The University of Wisconsin–Madison is tied for 12th among public institutions in U.S. News & World Report’s latest college rankings.
Overall, UW–Madison ranks 46th in a six-way tie. Last year, UW–Madison ranked 10th among publics and 44th overall in a six-way tie. The rankings, released today, include more than 310 national doctoral universities and will be included in the 2018 edition of America’s Best Colleges.
“We are incredibly proud of the education and the Wisconsin Experience we offer students,” says Provost Sarah Mangelsdorf. “Our faculty and staff are among the best in the world.”
U.S. News gathers data from and about each school in academic excellence, including first-year student retention and graduation of students, peer assessment, faculty resources, admissions selectivity, financial resources, alumni giving and graduate rate performances, which is the difference between the proportion of students expected to graduate and the proportion who do. Each indicator is assigned a weight based on U.S. News’ judgments about which measures of quality matter most – graduation and retention rates, categories UW–Madison performs well in, are the most heavily weighed factors.
For the second year in a row, UW–Madison was ranked 14th overall and sixth among publics in the “A Strong Commitment to Undergraduate Teaching” category.
UW-Madison is ranked as the 18th “Best College for Veterans” in a four-way tie. Institutions included on this list must be certified for the GI Bill, participate in the Yellow Ribbon Program or be a public institution that charges in-state tuition to all out-of-state veterans, must have enrolled a minimum of 20 veterans and active service members in the 2016-17 academic year, and must be ranked in the top half of the institution’s overall U.S. News ranking category.
The report also evaluated undergraduate engineering and business programs.

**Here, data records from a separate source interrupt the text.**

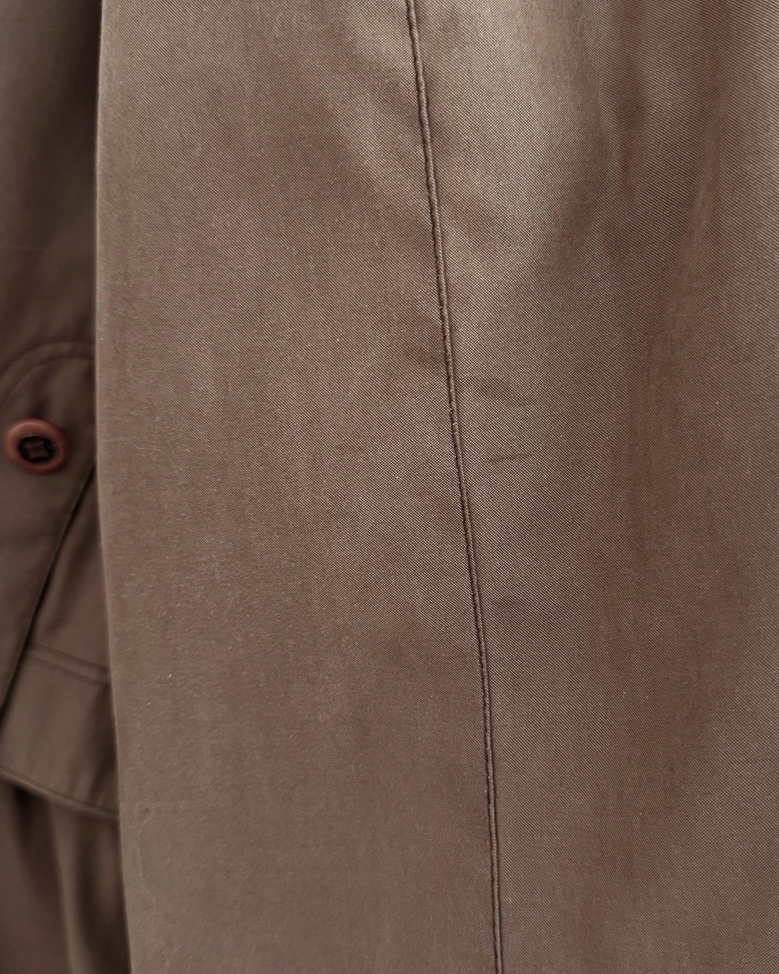 The construction of the coat is in excellent condition, with minor thread loss at the right pocket. The bottom button is missing, but an extra is included inside should you wish to replace it. Small stains are present throughout and are shown in close-up photos. Coat is priced accounting for these blemishes. These marks do not detract from its overall appearance, and the coat remains ready to wear.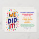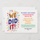 A colourful, grunge invitation with oversized font saying "WE DID IT". Shown as a prom invitation, it's perfect for graduation parties and other milestone celebrations. (Image by Freepik). The card is easy to customise with your wording, font and font colour. Not exactly what you're looking for? All our products can be custom designed to meet your needs at no extra charge. Simply contact us heartfelthelper@gmail.com. Coordinating products available at your request at no additional charge.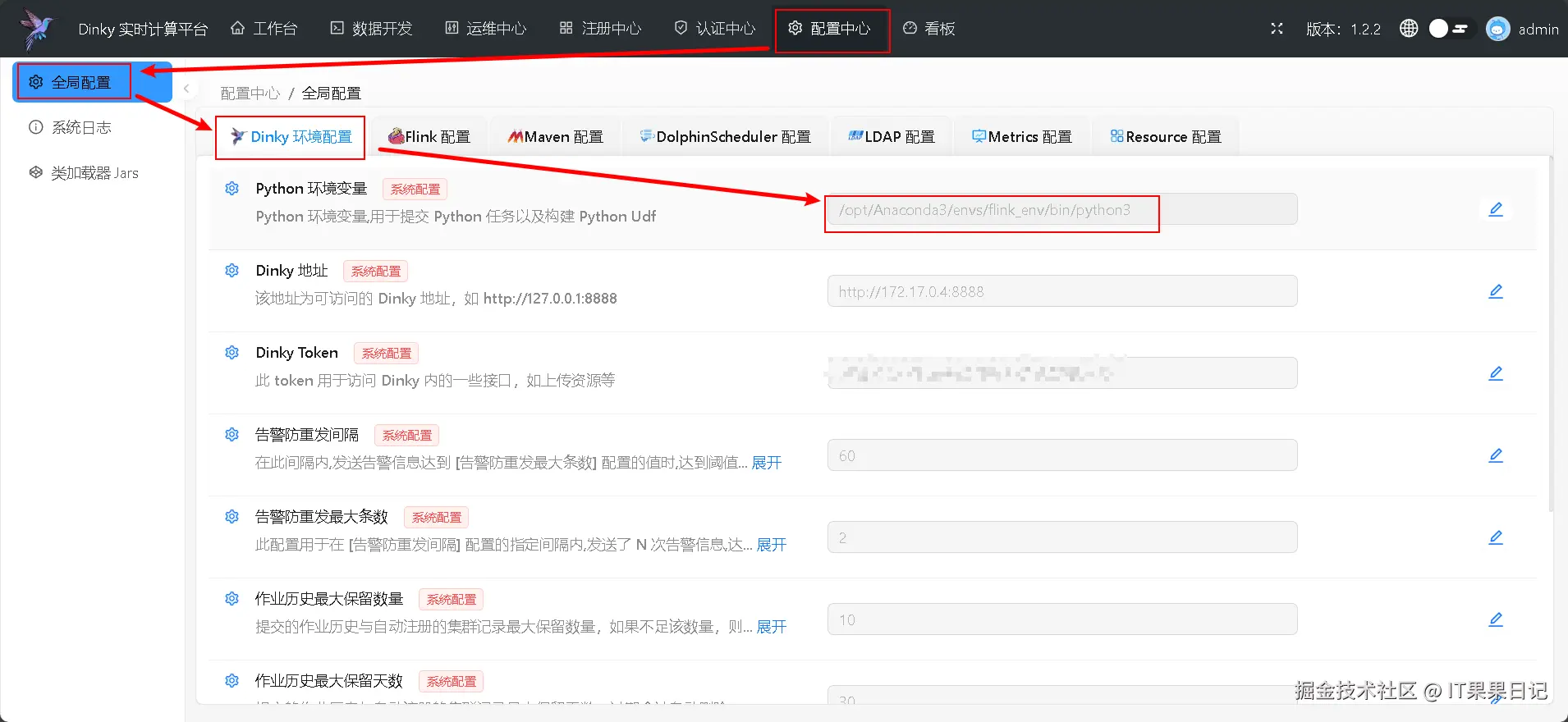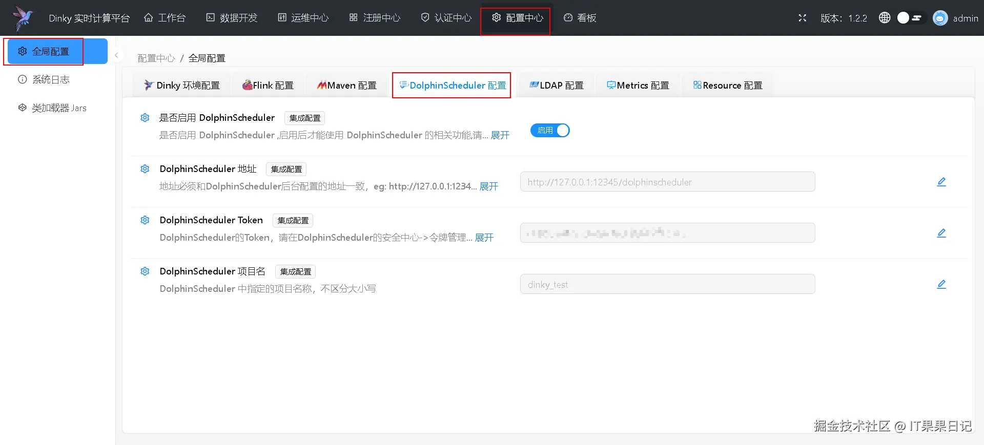 重新回到 dinky 页面,进入顶部菜单 配置中心 ,点击左侧菜单 全局配置 ,选择 DolphinScheduler 配置 标签页,启用开关,按照提示填写 DolphinScheduler 相关信息,特别是 Token 一栏要填写刚才在DolphinScheduler 里创建的令牌。

For the fourth year in a row, the College of Engineering ranks 14th overall, and for the fifth year in a row, it ranks seventh among public doctoral institutions. Among “Best in the Specialties,” chemical engineering ranked fifth overall and third among public institutions, while the industrial/manufacturing engineering ranked fifth overall and fifth among public institutions.
The undergraduate program at the Wisconsin School of Business is ranked 15th overall in a six-way tie, up from 19th last year and is seventh among public doctoral institutions, up from ninth last year. The insurance/risk management program is ranked third overall, up from fifth last year, and second among public universities, up from third last year. The real estate program is ranked second among public institutions, down from first last year, and third overall, down from second last year.
These overall business and engineering rankings are based solely on peer assessment surveys.
UW-Madison has performed well in other recent rankings including:
- Washington Monthly: Ranked 26th, up from 28th last year, based on three criteria: research (producing cutting-edge scholarship and Ph.D.s), social mobility (recruiting and graduating low-income students) and service (encouraging students to give something back to their country).
- Times Higher Education World University Rankings: Ranked 43rd, up from 45th last year, based on five categories: teaching (the learning environment), research (volume, income and reputation), citations (research influence), international outlook (staff, students and research) and industry income (knowledge transfer).
- Times Higher Education World Reputation Rankings: Ranked 32nd up from 35th last year, based on an invitation-only survey of senior, published academics, who were asked to name no more than 15 universities that they believe are the best for research and teaching in their field, based on their own experience.
- Money Magazine’s Best Colleges for Your Money: Ranked 45th overall, 27th among public universities, using data on educational quality, affordability and alumni success. (Last year, UW–Madison ranked 63rd. Methodology changed this year to now include categories for financial troubles and socio-economic mobility.)